While most people are transfixed on the horrific crimes of Louise and David Turpin, one person couldn’t stop thinking about Jennifer Turpin, one of the tortured daughters of the appallingly abusive parents. Taha Muntajibuddin was a third-grade classmate of Jennifer in Texas, and he took to Facebook on Jan. 24 to share her story, and a message about kindness.

“Jennifer Turpin was the one girl at Meadowcreek Elementary that nobody wanted to be caught talking to,” he began. Taha, now a pediatric doctor, described Jennifer as the “cootie kid” of their grade, and “a frail girl, had pin-straight hair with bangs, and often wore the same purple outfit.” He went on to describe her clothes as looking like “they had been dragged through mud, which she would also smell like on most days. I distinctly remember my entire third grade class scoffing at her one day because our teacher had asked her to discard a scrunchy she had used to tie her hair out of a discarded tin foil wrapper from an old Hershey’s bar.”

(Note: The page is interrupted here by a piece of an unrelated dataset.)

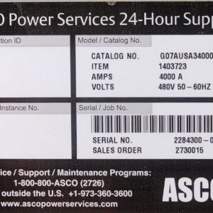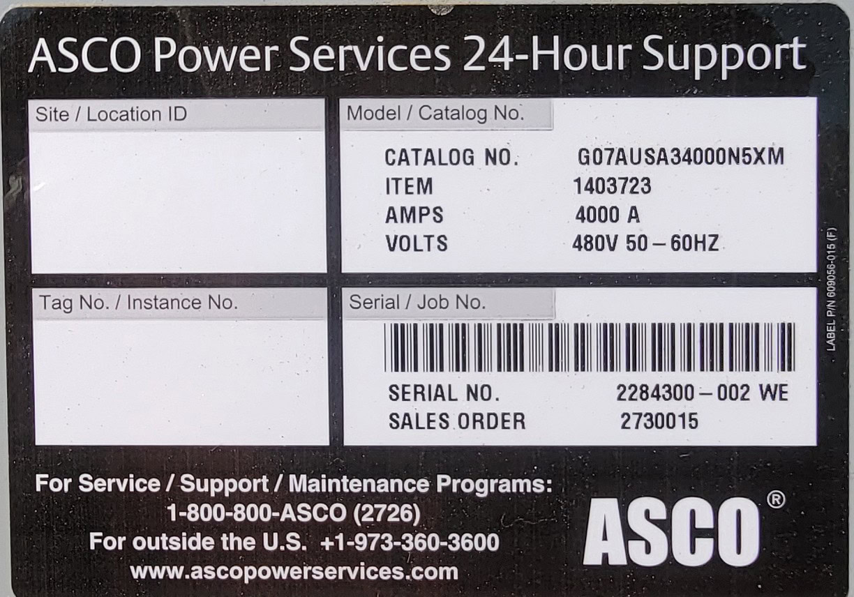 Tags: 4000A, 480V, 7000 Series, ASCO, Automatic Transfer Switch, NEMA 3R

Instead of feeling for Jennifer, the kids mocked her. Taha says she moved away after third grade (apparently to the home they were eventually rescued from in Perris, CA) and they forgot about her. That is, until he learned that she had been found living as a prisoner in her parents’ home, chained to her bed, malnourished, and forced to live in her own filth. Taha had looked for her on social media, and upon finding nothing, hoped she’d had a brighter future. “I also thought somewhere, somehow, Jennifer was probably living her best life, showing up all of us gawky third graders in Mrs. Llano’s class how far she’d come.”

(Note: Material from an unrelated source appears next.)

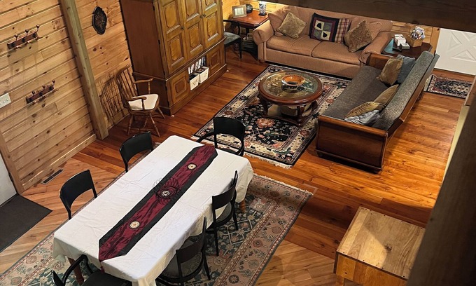 On the expansive front porch you can enjoy the wind chimes as you sit and overlook the valley with a glass of wine. There is comfortable couch and chairs to relax on as well as a rocking chair and porch swing. The spacious great room with its high ceilings and open floor plan is wonderful for a large group or a few couples. There is are two full size couches with a TV anda new smart tv, we have starlink and it's been working well but it's possible in inclement weather you may need to resort to the dvd player. We also have a wonderful stand up Baldwin Piano, generally kept in tune! The full kitchen has plenty of workspace for anyone who would like to cook a gourmet meal. It is fully stocked with plenty of plates, serving items, glass and a fantastic dishwasher. There is also general kitchen items available, like salt,pepper,oil flour. We have two bedrooms on the first floor. The “Winter” room which has a Queen Bed facing east towards the sunrise has a large closet and dresser as well as a beautiful antique headboard. The “Summer Room” has a King Bed and overlooks the front porch and view of the valley it also has a large closet and dresser. The full bath with a tile tub and shower also includes a double sink vanity. The laundry room has a washer dryer and utility sink. The second floor has a loft with a recliner and is a great place to curl up with a book, if extra beds are needed this is the perfect spot for an air mattress. We have just added a new office work station with a monitor. We are using starlink so the streaming serivce in this remote area is working fairly well but may struggle to run many devices with inclement weather. There are two bedrooms on the second floor. The “Fall” Master Bedroom with its poster king bed and room darkening curtains is welcoming and wonderful for those who need a very quiet place to rest. The second bedroom is our “Spring Room” and has bunk beds and a trundle bed so 3 can sleep comfortably in this room. With the brightly decorated curtains it’s a perfect room for the kids.

Taha revealed he was overwhlemed by guilt when he found out her true fate. “Of course, none of us are responsible for the events that ensued, but you can’t help but feel rotten when the classmate your peers made fun of for ‘smelling like poop’ quite literally had to sit in her own waste because she was chained to her bed,” he wrote. “It is nothing but sobering to know that the person who sat across from you at the lunch table went home to squalor and filth while you went home to a warm meal and a bedtime story.”

david louise turpin, lapd

David and Louise Turpins’ mugshots.

“The resounding lesson here is a simple one, something that we’re taught from the very beginning: be nice,” he continued. “Teach your children to be nice. If you see someone that’s isolated, befriend them. If you see someone that’s marginalized, befriend them. If you see someone that’s different, befriend them. We can never completely put ourselves in others’ shoes nor can we completely understand the circumstances that one is brought up in, but a simple act of kindness and acceptance may be the ray of hope that that person needs. Befriend the Jennifer Turpins of the world.” Taha now hopes that Jennifer will have the chance to live a normal life, and so do we.